▶ _YOUR OBJECTIVE_: All that is wanted is the exact text of the lines below from the one with "Ideal para darle" through the one with "한편, (사)해피트리(이사장 송형록)은", inclusive, minus any pictures.

★ ★ ★ ★

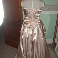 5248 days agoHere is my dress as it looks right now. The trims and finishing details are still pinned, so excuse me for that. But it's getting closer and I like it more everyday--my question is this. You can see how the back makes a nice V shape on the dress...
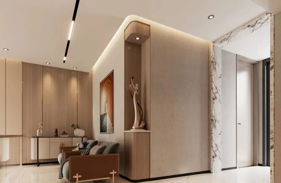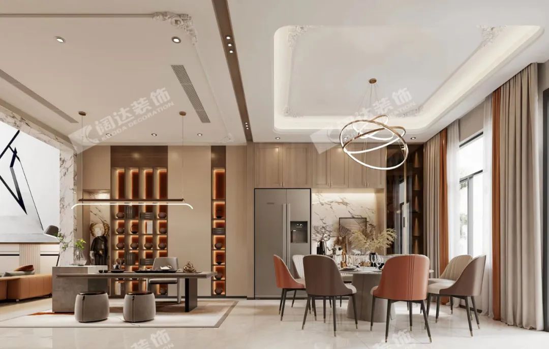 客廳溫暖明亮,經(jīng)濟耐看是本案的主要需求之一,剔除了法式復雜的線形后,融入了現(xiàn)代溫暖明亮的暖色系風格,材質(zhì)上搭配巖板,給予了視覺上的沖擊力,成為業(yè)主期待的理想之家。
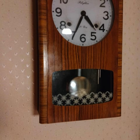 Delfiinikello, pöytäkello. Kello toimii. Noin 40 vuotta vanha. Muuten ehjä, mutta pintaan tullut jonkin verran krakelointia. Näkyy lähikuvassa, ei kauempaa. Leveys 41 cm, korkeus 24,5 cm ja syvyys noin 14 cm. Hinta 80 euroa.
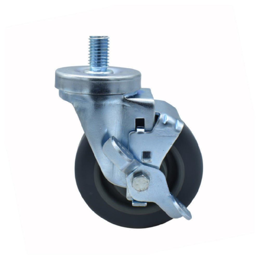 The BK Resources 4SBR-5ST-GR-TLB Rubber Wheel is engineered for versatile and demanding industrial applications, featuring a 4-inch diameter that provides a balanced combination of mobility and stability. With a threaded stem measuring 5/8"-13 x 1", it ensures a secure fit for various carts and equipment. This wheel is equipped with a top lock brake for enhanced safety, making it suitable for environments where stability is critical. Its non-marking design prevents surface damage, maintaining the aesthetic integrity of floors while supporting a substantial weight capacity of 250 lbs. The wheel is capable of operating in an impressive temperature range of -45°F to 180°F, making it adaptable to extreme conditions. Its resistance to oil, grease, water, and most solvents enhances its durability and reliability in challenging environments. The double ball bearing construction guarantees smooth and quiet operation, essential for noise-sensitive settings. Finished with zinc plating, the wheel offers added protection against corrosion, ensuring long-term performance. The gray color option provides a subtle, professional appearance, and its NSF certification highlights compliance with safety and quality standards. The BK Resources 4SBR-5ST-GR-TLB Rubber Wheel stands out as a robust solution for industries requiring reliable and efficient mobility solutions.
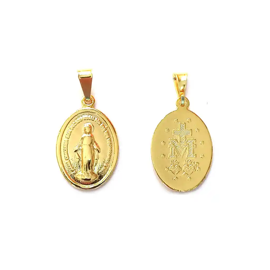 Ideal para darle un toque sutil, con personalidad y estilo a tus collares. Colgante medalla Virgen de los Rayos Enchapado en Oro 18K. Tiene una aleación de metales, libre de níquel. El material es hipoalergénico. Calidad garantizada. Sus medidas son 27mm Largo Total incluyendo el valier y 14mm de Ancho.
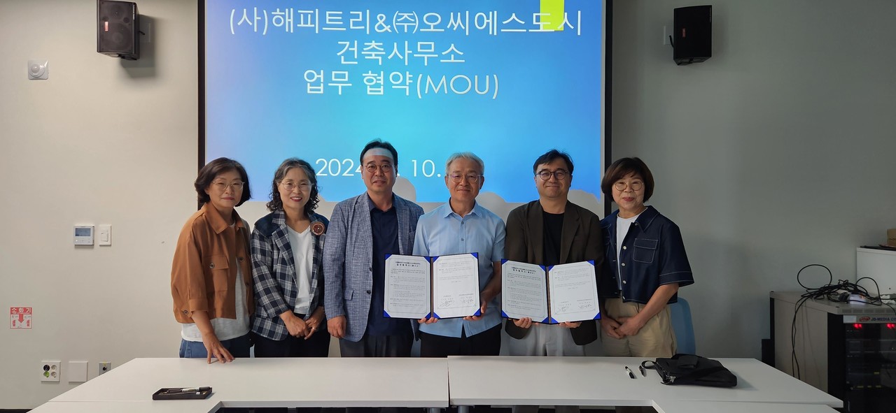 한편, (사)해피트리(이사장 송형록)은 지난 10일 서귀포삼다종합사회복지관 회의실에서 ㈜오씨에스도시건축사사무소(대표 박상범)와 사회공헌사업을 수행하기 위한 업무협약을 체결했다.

★ ★ ★ ★

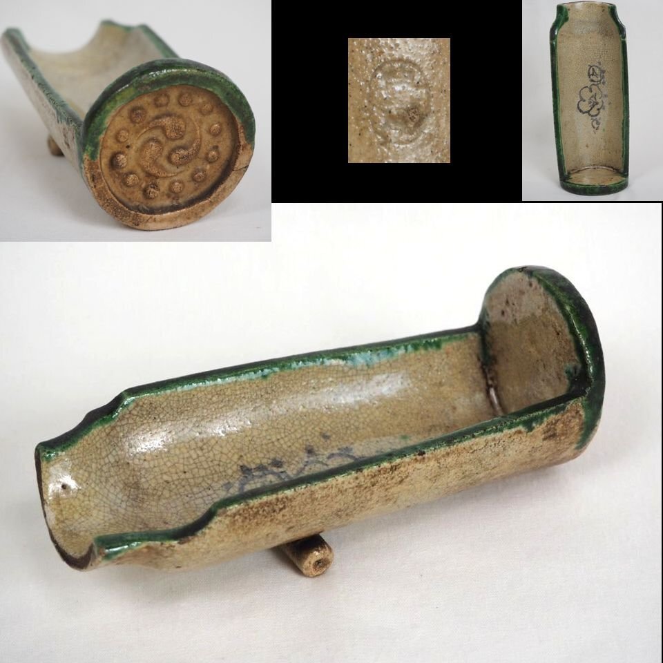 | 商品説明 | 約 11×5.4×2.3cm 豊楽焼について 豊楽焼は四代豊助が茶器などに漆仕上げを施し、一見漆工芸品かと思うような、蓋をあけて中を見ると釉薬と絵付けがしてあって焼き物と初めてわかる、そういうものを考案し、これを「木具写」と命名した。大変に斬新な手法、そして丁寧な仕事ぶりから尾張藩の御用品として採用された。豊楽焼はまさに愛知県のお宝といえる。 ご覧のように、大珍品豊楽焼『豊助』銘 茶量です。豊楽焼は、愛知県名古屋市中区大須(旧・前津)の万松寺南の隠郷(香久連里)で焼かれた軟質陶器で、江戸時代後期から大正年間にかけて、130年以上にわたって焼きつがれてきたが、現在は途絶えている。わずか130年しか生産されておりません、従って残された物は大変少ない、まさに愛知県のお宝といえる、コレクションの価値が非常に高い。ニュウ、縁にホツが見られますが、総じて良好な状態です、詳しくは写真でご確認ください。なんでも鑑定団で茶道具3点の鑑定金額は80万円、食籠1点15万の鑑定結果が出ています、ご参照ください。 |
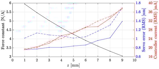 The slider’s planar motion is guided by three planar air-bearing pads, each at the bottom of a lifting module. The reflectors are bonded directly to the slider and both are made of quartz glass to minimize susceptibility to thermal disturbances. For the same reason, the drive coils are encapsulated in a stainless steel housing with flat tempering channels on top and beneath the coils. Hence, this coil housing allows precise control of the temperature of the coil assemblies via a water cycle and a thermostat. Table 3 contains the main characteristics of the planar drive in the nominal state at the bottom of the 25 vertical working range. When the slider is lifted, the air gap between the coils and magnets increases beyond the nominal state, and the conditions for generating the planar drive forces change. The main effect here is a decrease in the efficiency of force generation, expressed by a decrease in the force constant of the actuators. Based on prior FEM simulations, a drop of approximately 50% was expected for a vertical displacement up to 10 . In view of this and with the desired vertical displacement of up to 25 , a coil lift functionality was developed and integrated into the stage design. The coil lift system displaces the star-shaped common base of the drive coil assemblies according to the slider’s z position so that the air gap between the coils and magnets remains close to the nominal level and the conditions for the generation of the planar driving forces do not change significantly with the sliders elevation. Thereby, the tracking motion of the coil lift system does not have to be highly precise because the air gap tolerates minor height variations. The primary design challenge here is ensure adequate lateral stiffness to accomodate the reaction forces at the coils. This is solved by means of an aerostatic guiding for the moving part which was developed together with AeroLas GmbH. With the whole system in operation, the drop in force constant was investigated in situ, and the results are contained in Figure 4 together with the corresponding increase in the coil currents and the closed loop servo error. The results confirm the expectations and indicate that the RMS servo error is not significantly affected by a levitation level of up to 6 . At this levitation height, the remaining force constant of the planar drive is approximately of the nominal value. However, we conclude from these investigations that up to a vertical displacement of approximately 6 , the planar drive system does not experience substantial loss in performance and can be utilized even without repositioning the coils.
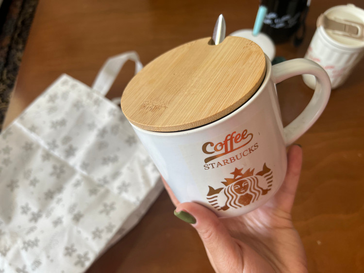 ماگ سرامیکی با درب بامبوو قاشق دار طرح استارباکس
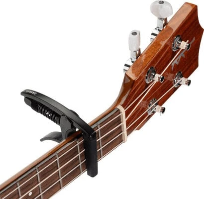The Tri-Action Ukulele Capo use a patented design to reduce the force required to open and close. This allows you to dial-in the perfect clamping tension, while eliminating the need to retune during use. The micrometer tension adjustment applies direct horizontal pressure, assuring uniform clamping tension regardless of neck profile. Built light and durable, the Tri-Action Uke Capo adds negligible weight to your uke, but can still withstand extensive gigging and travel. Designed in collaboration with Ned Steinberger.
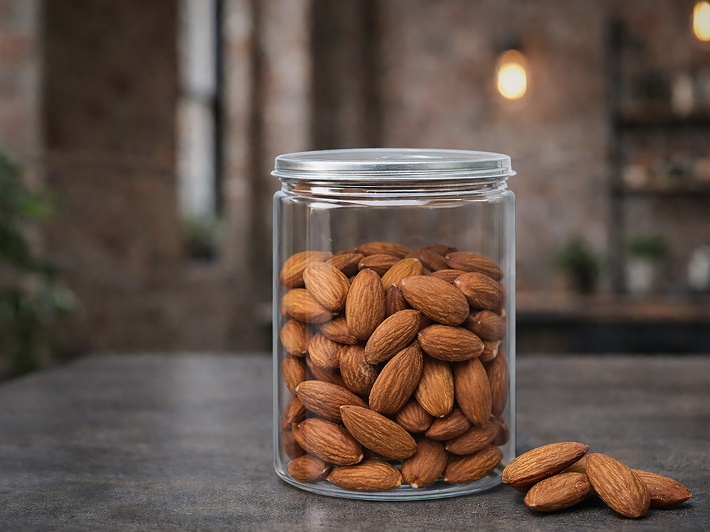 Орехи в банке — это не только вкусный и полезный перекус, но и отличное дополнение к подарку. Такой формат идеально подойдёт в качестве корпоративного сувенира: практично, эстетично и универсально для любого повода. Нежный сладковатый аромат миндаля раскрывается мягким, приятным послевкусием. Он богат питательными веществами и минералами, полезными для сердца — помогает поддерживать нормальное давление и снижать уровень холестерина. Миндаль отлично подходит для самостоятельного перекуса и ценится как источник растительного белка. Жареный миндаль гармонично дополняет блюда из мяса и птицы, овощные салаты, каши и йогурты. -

★ ★ ★ ★

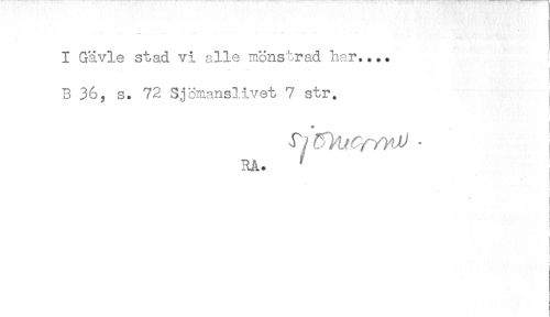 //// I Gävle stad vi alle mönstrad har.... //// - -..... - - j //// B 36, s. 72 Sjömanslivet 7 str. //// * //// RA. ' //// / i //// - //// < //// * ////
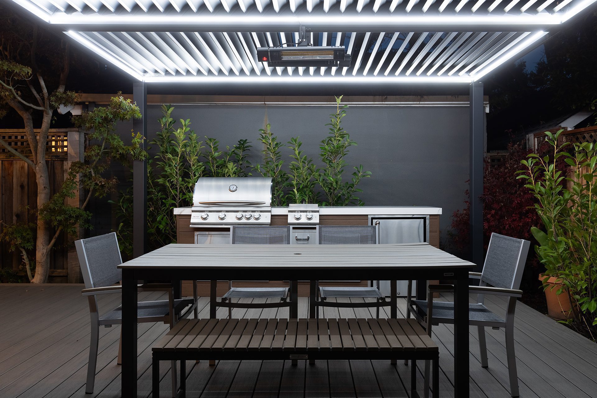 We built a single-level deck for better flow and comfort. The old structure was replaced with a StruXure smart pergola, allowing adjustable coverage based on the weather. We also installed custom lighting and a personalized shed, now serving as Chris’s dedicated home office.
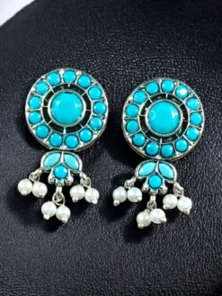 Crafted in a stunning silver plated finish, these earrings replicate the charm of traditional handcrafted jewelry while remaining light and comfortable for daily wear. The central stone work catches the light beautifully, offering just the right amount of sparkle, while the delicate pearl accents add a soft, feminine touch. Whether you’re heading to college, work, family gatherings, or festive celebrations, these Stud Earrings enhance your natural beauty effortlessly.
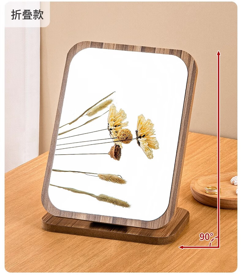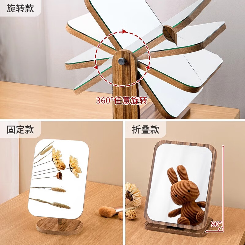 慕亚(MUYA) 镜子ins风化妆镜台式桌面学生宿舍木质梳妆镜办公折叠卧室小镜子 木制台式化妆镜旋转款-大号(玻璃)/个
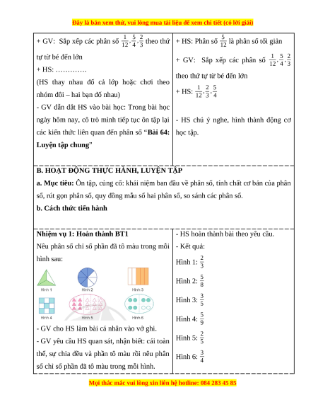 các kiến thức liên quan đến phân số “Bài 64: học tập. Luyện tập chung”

★ ★ ★ ★

▶ _RESPONSE TO THE TASK_:
 Ideal para darle un toque sutil, con personalidad y estilo a tus collares. Colgante medalla Virgen de los Rayos Enchapado en Oro 18K. Tiene una aleación de metales, libre de níquel. El material es hipoalergénico. Calidad garantizada. Sus medidas son 27mm Largo Total incluyendo el valier y 14mm de Ancho.
 한편, (사)해피트리(이사장 송형록)은 지난 10일 서귀포삼다종합사회복지관 회의실에서 ㈜오씨에스도시건축사사무소(대표 박상범)와 사회공헌사업을 수행하기 위한 업무협약을 체결했다.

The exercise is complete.